Will always returns nothing, because there is no support for xml documents.

SHOW_ENTITY_REFERENCE (16)

Legacy, no more used.

SHOW_ENTITY (32)

Legacy, no more used.

SHOW_PROCESSING_INSTRUCTION (64)

Shows ProcessingInstruction nodes.

SHOW_COMMENT (128)

Shows Comment nodes.

SHOW_DOCUMENT (256)

Shows Document nodes

SHOW_DOCUMENT_TYPE (512)

Shows DocumentType nodes

SHOW_DOCUMENT_FRAGMENT (1024)

Shows HTML::Object::DOM::DocumentFragment nodes.

SHOW_NOTATION (2048)

Legacy, no more used.

SHOW_SPACE (4096)

Show Space nodes. This is a non-standard extension under this perl framework.

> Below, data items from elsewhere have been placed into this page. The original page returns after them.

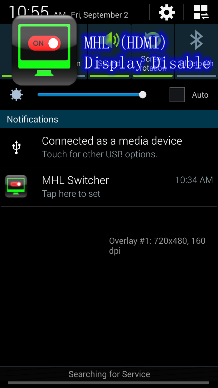 MHL (HDMI) Switch is een widget om de MHL (HDMI) / miracast / chromecast / ezcast / mirroring-uitgang te bedienen, u kunt het TV-signaal in de juiste tijd uitzetten.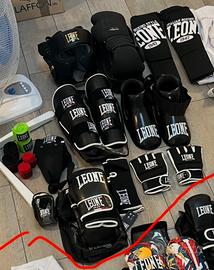 Guanti da box kick thai karatè leone tutto nuovo mai usato 4 fasce 2 guanti 10oz , 2 paratibie l leone , paratesticoli, casco leone , tunica karatè uomo e bambino , pettorina bambino junior guanti leone 4oz 6oz eoba cerchiata rosso da bambino sopra in blu adulto taglia l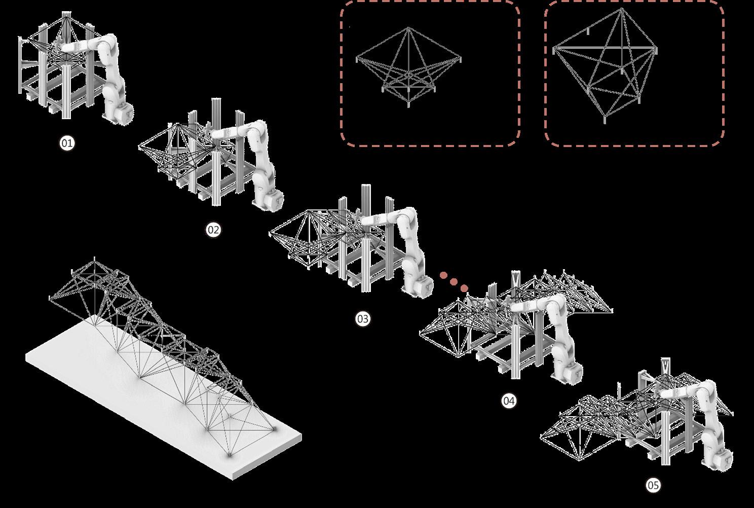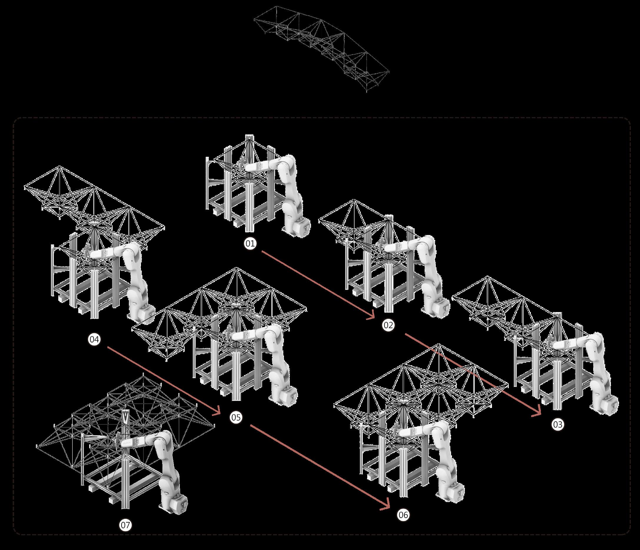 Layered Module Aided Robotic Arm Weaving Construction NO.3_城南書居 South City Living With Book NO.4_竹塹城記憶 The Memory of Banboo City NO.5_龍騰 The Rising Bridge NO.6_ SSF Living S(sun)F(family)F(forest) Living NO.7_ 削龍 Cut Dragon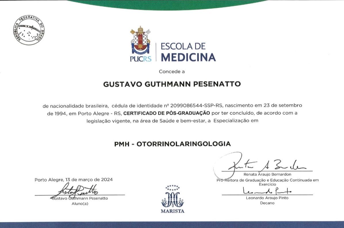 Quais são as principais especialidades de Gustavo Guthmann Pesenatto?Gustavo Guthmann Pesenatto é otorrino. Te mostramos alguns dos serviços oferecidos pelo especialista graças à sua trajetória e vasta experiência: Primeira consulta Otorrinolaringologia, Consulta Otorrinolaringologia, Retorno de consultas Otorrinolaringologia, Consulta de retorno, Videolaringoscopia, Septoplastia (Desvio Do Septo), Videonasofaringoscopia, Consulta particular, Frenectomia Labial, Sinusotomia Maxilar.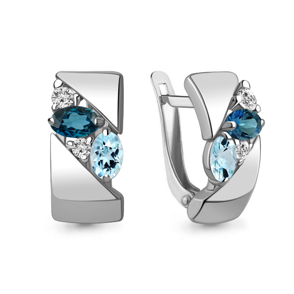 47902600 Серьги из Золота с топазами лондон блю, топазами скай блю, фианитами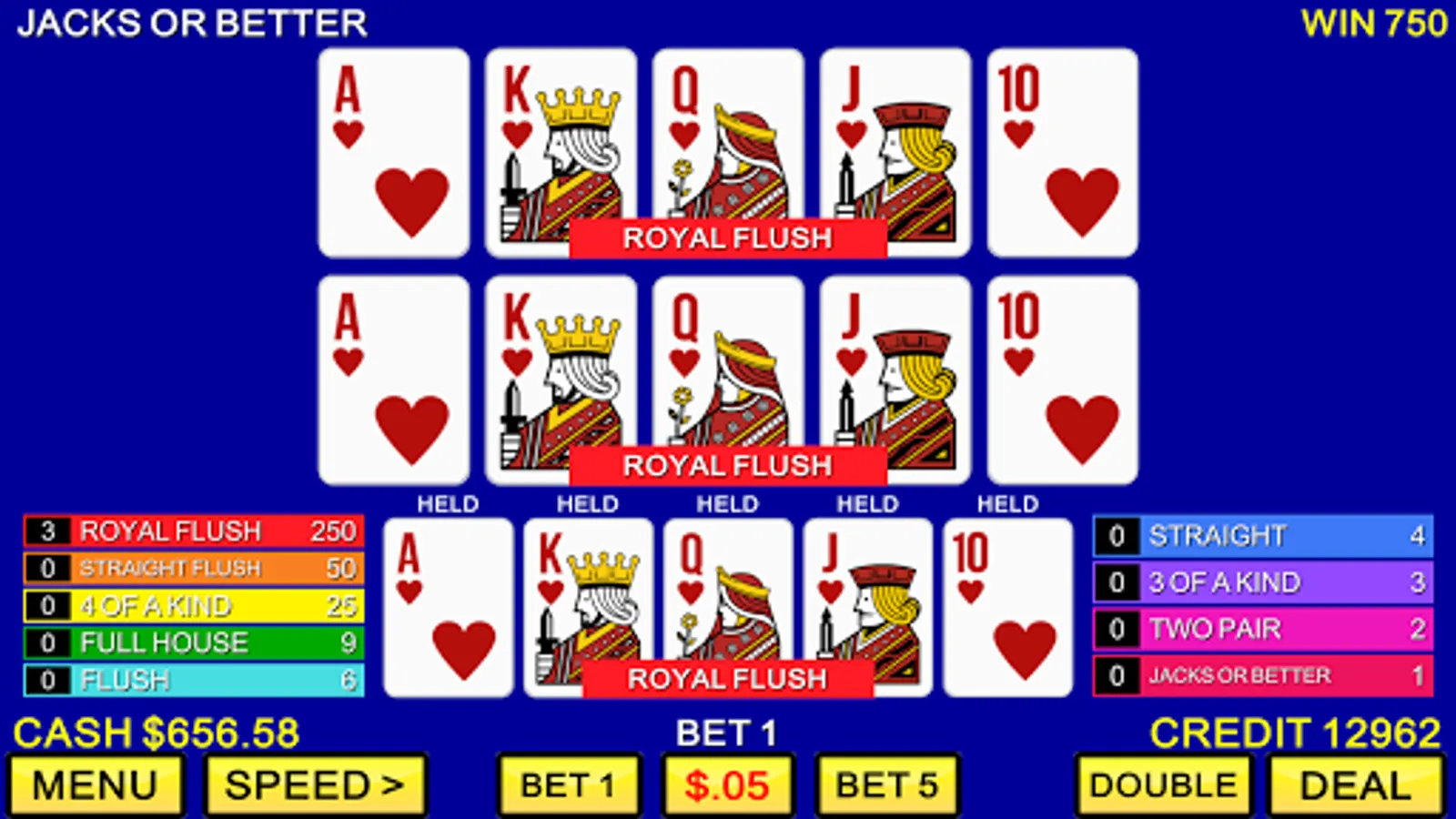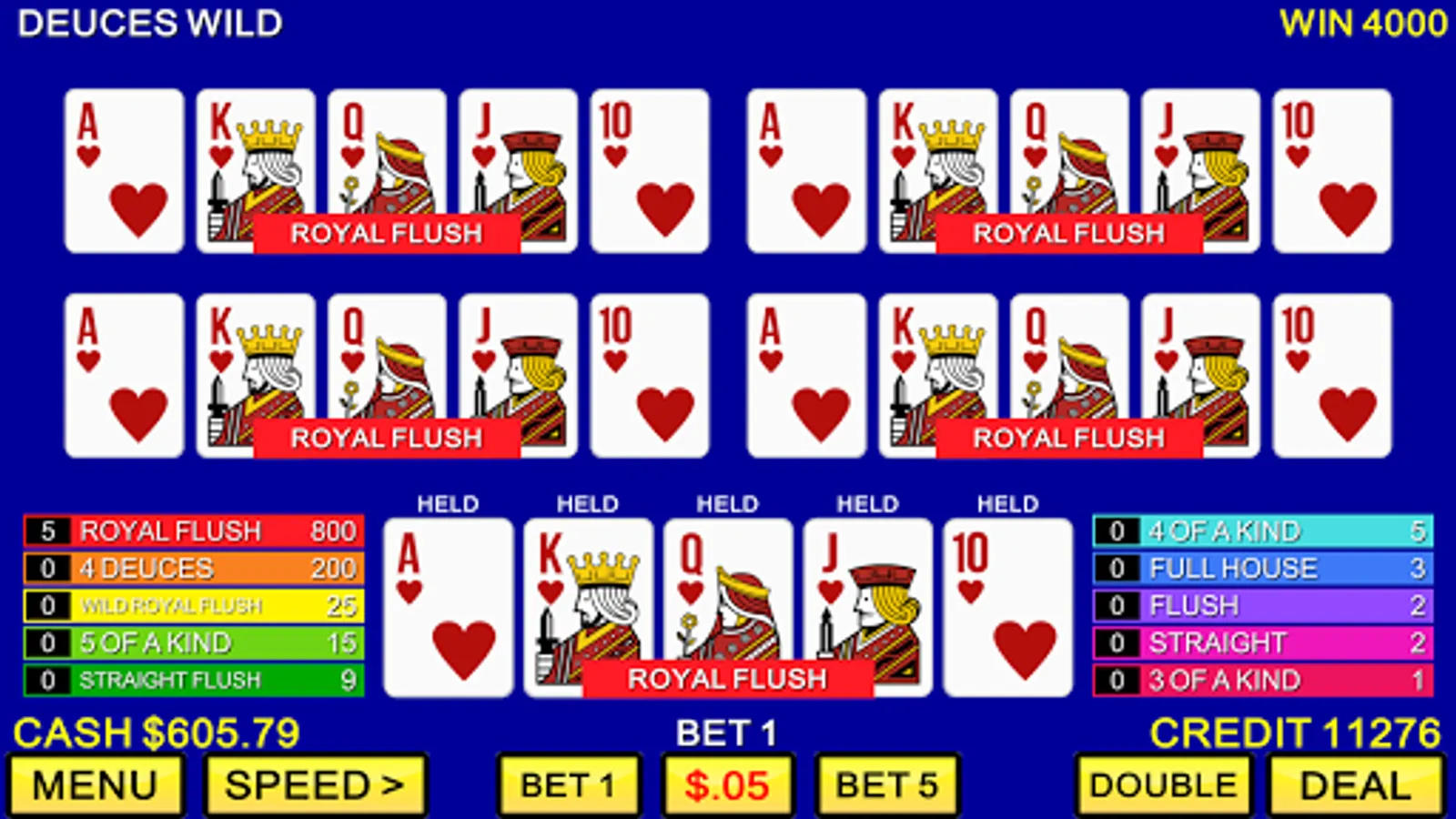 Classic Multi-Hand Video Poker Features include: - Over 20 different variations of multi-hand video poker

And for the callback control:

FILTER_ACCEPT (1)
FILTER_REJECT (2)
FILTER_SKIP (3)

AUTHOR

Jacques Deguest <jack@deguest.jp>

SEE ALSO

Mozilla documentation, W3C specifications

COPYRIGHT & LICENSE

Copyright(c) 2022 DEGUEST Pte. Ltd.

All rights reserved

This program is free software; you can redistribute it and/or modify it under the same terms as Perl itself.